En vue de l'ouverture de la concertation nationale pour la réforme du système boursier, les associations étudiantes aimeraient pouvoir faire entendre leurs revendications. "On est mal représentés dans le processus de concertation", déplore Mylène Schroer, secrétaire générale de la Fédération Aix-Marseille Interasso (FAMI).

L'organisation, rattachée à la FAGE, n'est pas membre du Forum Français de la Jeunesse, seule organisation qui prendra part aux débats pilotés en octobre par le Ministère de l'Enseignement et de la Recherche. 

Dans son dernier rapport d'août 2022, la FAMI quantifie l'augmentation du coût de la rentrée. Les études coûtent de plus en plus cher aux étudiants.

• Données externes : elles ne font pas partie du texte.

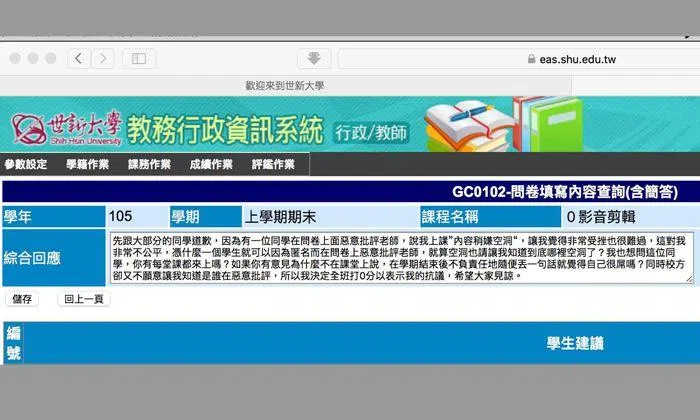 “Lacking? Your brain is empty… Out of 150 students you were the only one who said it is lacking… If you have the guts to, come out and say it! Shih Hsin has such classless students… After next semester’s classes end, I will never teach at Shih Hsin again!”
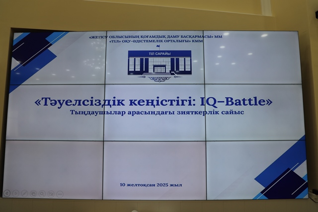 Қазақстан Республикасының Тәуелсіздік күніне орай 10 желтоқсан 2025 жылы Жетісу облысының «Тіл» оқу-әдістемелік орталығы «Тәуелсіздік кеңістігі: IQ – Battle» атты тыңдаушылар арасындағы жылдамдық, логика, шығармашылық және зияткерлік сайысын ұйымдастырды. Шара жоғары деңгейде өтіп, қатысушылардың білімін, ойлау қабілетін және топтық жұмыс дағдыларын айқындады.

Les dépenses de rentrée ont augmenté de 2,83% pour un étudiant marseillais. 

Pour éviter aux étudiants de choisir entre se nourrir et étudier, les associations de l'Université Aix-Marseille organisent des distributions alimentaires.

La Fédération Aix-Marseille Interasso (FAMI) a ouvert trois épiceries solidaires à Marseille : à Aix, Luminy et Saint Jérôme. "On a distribué plus de 47 tonnes de nourriture et produits d'hygiène et 1000 paniers alimentaires," détaille Mylène Schroer. 

Salaire étudiant, allocation universelle et repas à 1€

Même terrible constat sur la précarité étudiante de la part Lyes Belhadj, administrateur UNEF au Crous de l'Université d'Aix Marseille, qui a vu entre "500 à 1.000 étudiants par semaine" venir aux distributions du Syndicat sur les campus de Saint Charles, Luminy, Saint Jérôme, Aix-Schumann et Avignon.

Pour le syndicat étudiant, l'urgence est de mettre en place un salaire étudiant universel ou une allocation mensuelle décorrélée du revenu des parents.

"Mais aussi, il faut que les collectivités territoriales, dont ce sont les compétences participent à résorber la précarité étudiante. Par exemple, en mettant en place un repas à 1€ pour les étudiants non-boursiers et gratuit pour les boursiers. Les départements et la région se partageraient la différence à régler, sachant qu'un repas au Crous revient à 3,30€", projette Lyes Belhadj.

A ce jour, l'allocation des bourses se fait sur critères sociaux, un système géré depuis 1995 par les 26 centres régionaux des oeuvres universitaires et scolaires (Crous). La concertation pilotée par la ministre de l'Enseignement supérieur Sylvie Retailleau, entend redéfinir les aides financières pour l'accès aux études supérieures.